4 of our friends in Suffolk (two couples) were teachers in the state sector who sent their children to the local private schools. One of the boys, who was sent because he was removed from his state school for setting light to a child's hair in the chemistry lab) referred to state school children as oiks. I don't think that any of the children achieved what their parents had hoped.

Thank you for posting the link MoorlandMooner. I found the article interesting and wasn't surprised that the higher percentage of comments at the end were from people who had suffered at school.

Caleo Mon 09-Aug-21 17:16:41

That article did fascinate me! I have often heard Boris Johnson being accused of putting together a government of old public schoolboys.

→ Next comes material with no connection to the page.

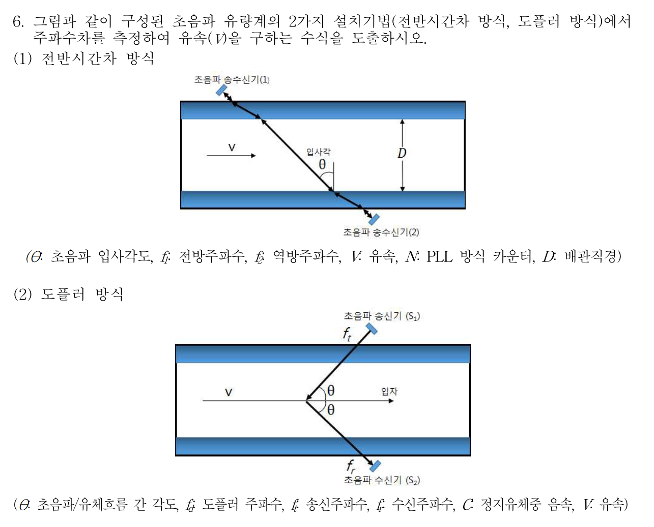 이 방식에서는 두 개의 초음파 송수신기가 유체 흐름에 직교하게 배치됩니다. 한 송수신기는 유체의 흐름 방향으로, 다른 하나는 반대 방향으로 초음파를 발사합니다24. 유체의 흐름에 따라, 흐름 방향으로 발사된 초음파의 이동 시간은 반대 방향으로 발사된 초음파의 이동 시간보다 짧아집니다24.

Before I read the article I never understood the explicit character of the indoctrination in the English public school system.

MoorlandMooner Mon 09-Aug-21 17:47:45

MaizieD

Why isn't anyone horrified that these are the men who predominately run our country, administer our justice and control our armed forces?

Another horror is the terrible loss to the country of those from other backgrounds who have more aptitude, skill and emotional intelligence but who never get a look in because this particular set of boys, regardless of ability or suitability, are a shoo-in straight to the heart of power.

MayBee70 Mon 09-Aug-21 23:36:48

I think we’re still a class driven society. That Two Ronnies sketch, the ‘I know my place’ one springs to mind.